Stochastic Primal-Dual Algorithms with Faster Convergence than $O(1/\sqrt{T})$ for Problems without Bilinear Structure
This work addresses a bottleneck in optimization for machine learning by enabling faster convergence in a broader class of min-max problems, though it is incremental as it builds on existing stochastic methods.
The paper tackles the limitation of stochastic primal-dual algorithms that require bilinear structure for faster convergence, proposing new algorithms that achieve a convergence rate of O(1/T) for convex-concave problems without this assumption, such as in robust model learning and AUC maximization.
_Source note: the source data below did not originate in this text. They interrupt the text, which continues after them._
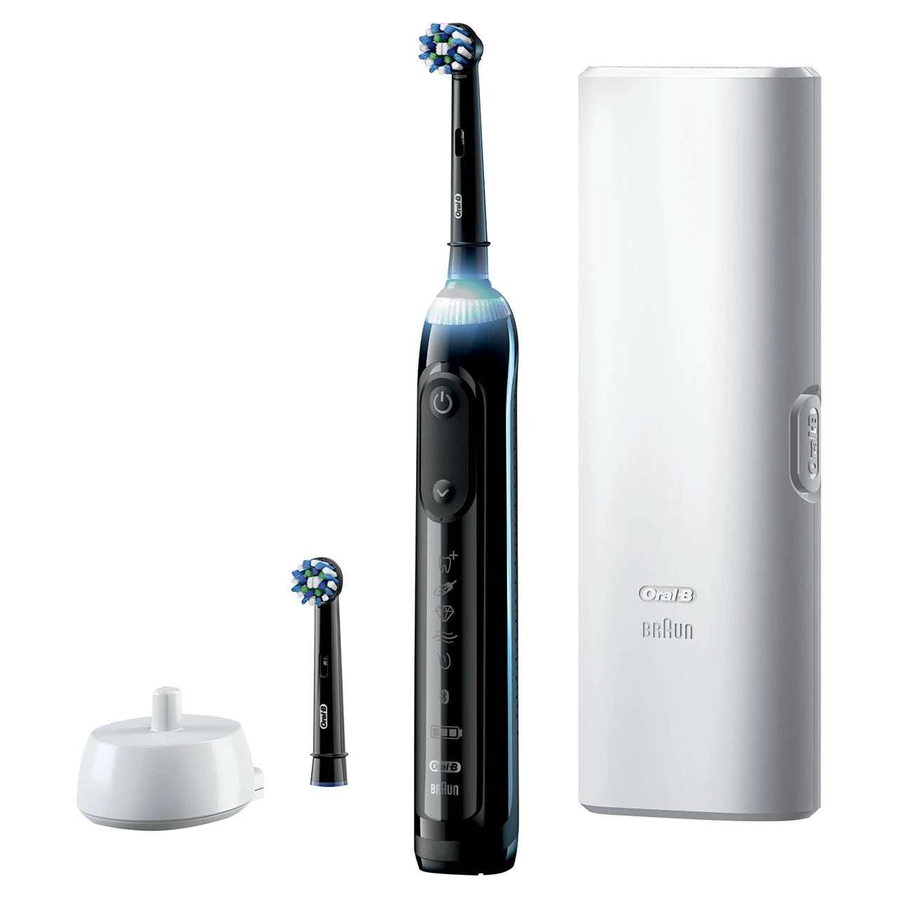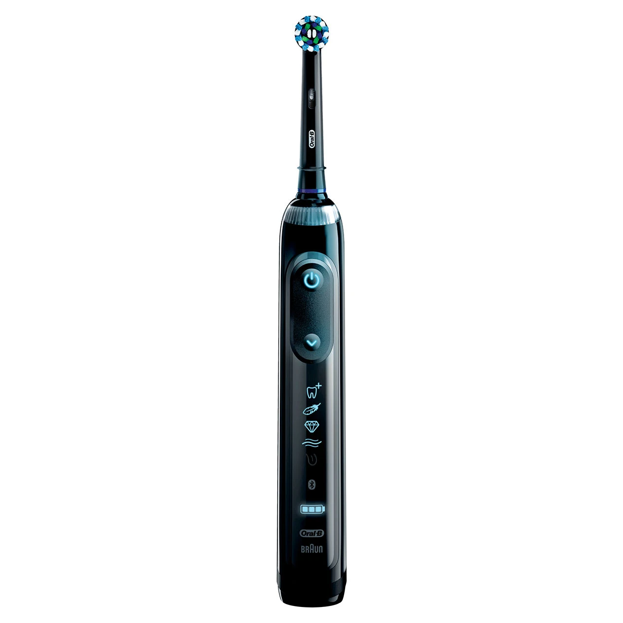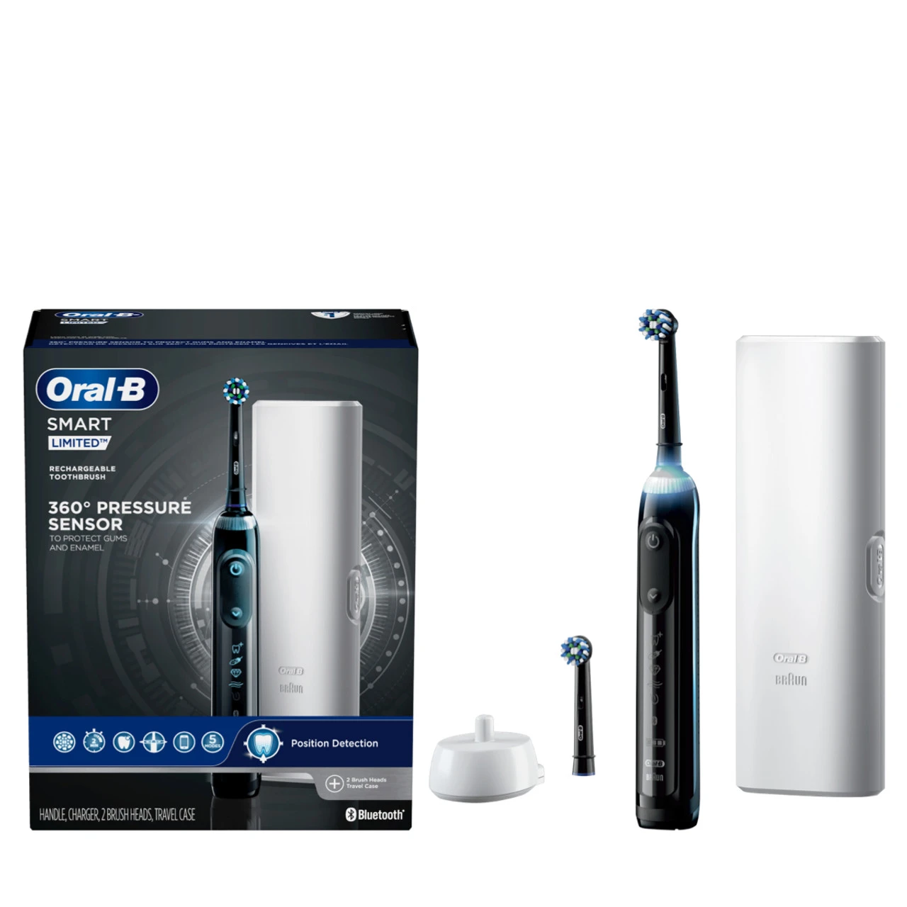 Use the Oral-B App to seamlessly pair your Smart Limited brush with a smartphone and you’re on your way to brushing like your dentist recommends. The Oral-B Smart Limited comes with Position Detection technology which uses Bluetooth technology, your smartphone, and facial recognition technology to provide you with real-time feedback about your brushing habits. The 360 SmartRing with LED lights allows you to personalize your brushing experience with your choice of 12 colors. The SmartRing works with the integrated timer and pressure sensor to provide you with visual feedback on brushing time and brushing pressure. Together, they help you ensure you brush for the recommended 2-minutes while making sure you brush with appropriate pressure to protect your gums from over-brushing. The brush features 5 brushing modes so you can further customize your brushing experience based on your specific oral care goals. This highly advanced brush features a dentist-inspired round head that surrounds and cups each tooth with dynamic oscillating, rotating and pulsating movements to remove up to 500% more plaque than a regular manual toothbrush. Trust in the precision engineering of Braun and the dental expertise of Oral-B, the #1 brand used and recommended by dentists worldwide.
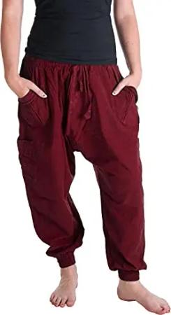Alternative Bekleidung - Sommer Haremshose mit Taschen aus Baumwolle mit elastischem Bund - handgewebt dunkelrot
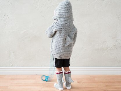 PDF crochet pattern for Children's Shark Hoodie with matching Shark Socks. Fun whimsical design features shark hood with teeth, white torso with zipper and dorsal fin on the back of hoodie. Worked in a half double and single crochet stitches. Quick sock design is worked in double crochet stitches with shark teeth and dorsal fin.
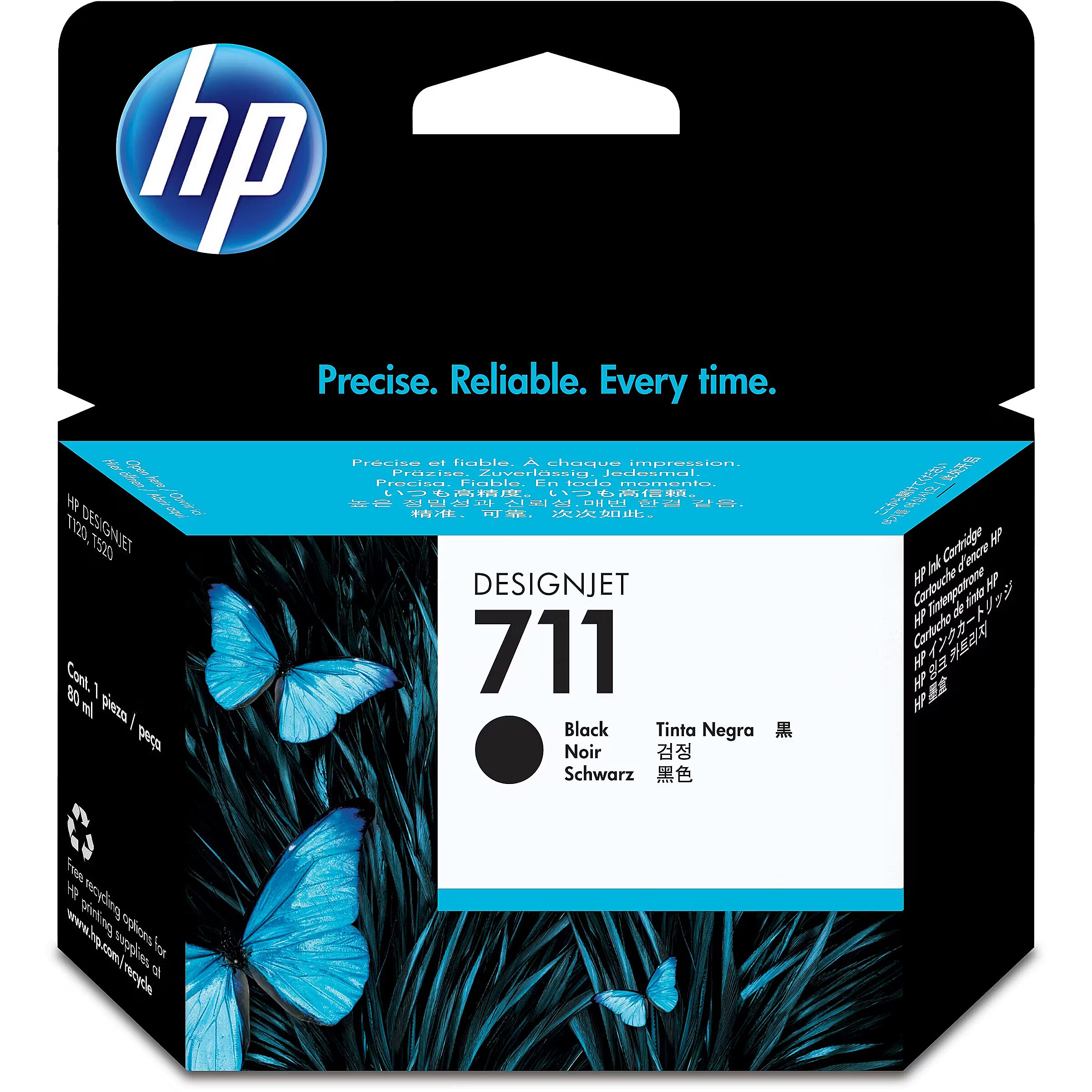 LongSummaryDescription - HP 711 80-ml Black DesignJet Ink Cartridge. Compatibility: HP DesignJet T120, T520, Printing colours: Black, OEM code: CZ133A. Width: 119 mm, Depth: 126 mm, Height: 36 mm. Package width: 1190 mm, Package depth: 1260 mm, Package height: 36 mm. Master (outer) cases per pallet: 100 pc(s), Products per pallet: 4000 pc(s), Layers per pallet: 10 pc(s). Pallet dimensions (W x D x H): 1219 x 1016 x 1956 mm
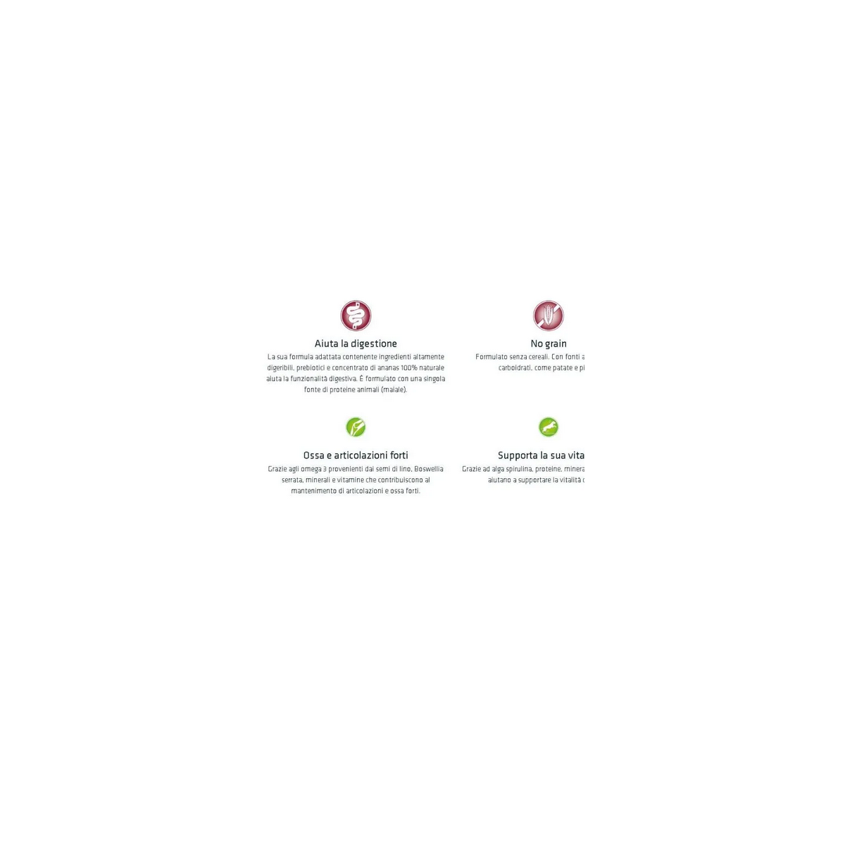 Composizione: amido di pisello, proteine disidratate di maiale, patata disidratata 20%, maiale 10%, piselli disidratati 9%, strutto, semi di lino* 3,4%, olio di granturco, proteina di pisello idrolizzata, concentrato secco di radice di cicoria (fonte di inulina)* 0,8%, sostanze minerali, lignocellulosa, spirulina (Arthrospira platensis)* 0,1%, concentrato secco di gambo di ananas* 0,1%. *Ingredienti specifici di origine naturale.
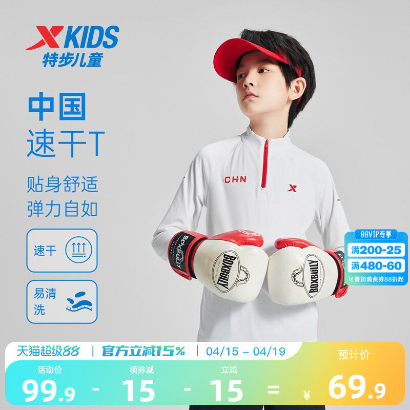 特步童装2026新款中大童半开襟儿童上衣男童纯色打底衫长袖针织衫
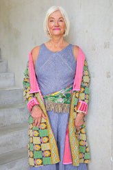 Kantha work is the layering together of vintage sari fabrics which are then hand stitched together in wonderful, colourful arrays. Each coat is backed in vintage fabrics which are quilted with rows of stitches (kantha work).

Previous studies on stochastic primal-dual algorithms for solving min-max problems with faster convergence heavily rely on the bilinear structure of the problem, which restricts their applicability to a narrowed range of problems. The main contribution of this paper is the design and analysis of new stochastic primal-dual algorithms that use a mixture of stochastic gradient updates and a logarithmic number of deterministic dual updates for solving a family of convex-concave problems with no bilinear structure assumed. Faster convergence rates than $O(1/\sqrt{T})$ with $T$ being the number of stochastic gradient updates are established under some mild conditions of involved functions on the primal and the dual variable. For example, for a family of problems that enjoy a weak strong convexity in terms of the primal variable and has a strongly concave function of the dual variable, the convergence rate of the proposed algorithm is $O(1/T)$. We also investigate the effectiveness of the proposed algorithms for learning robust models and empirical AUC maximization.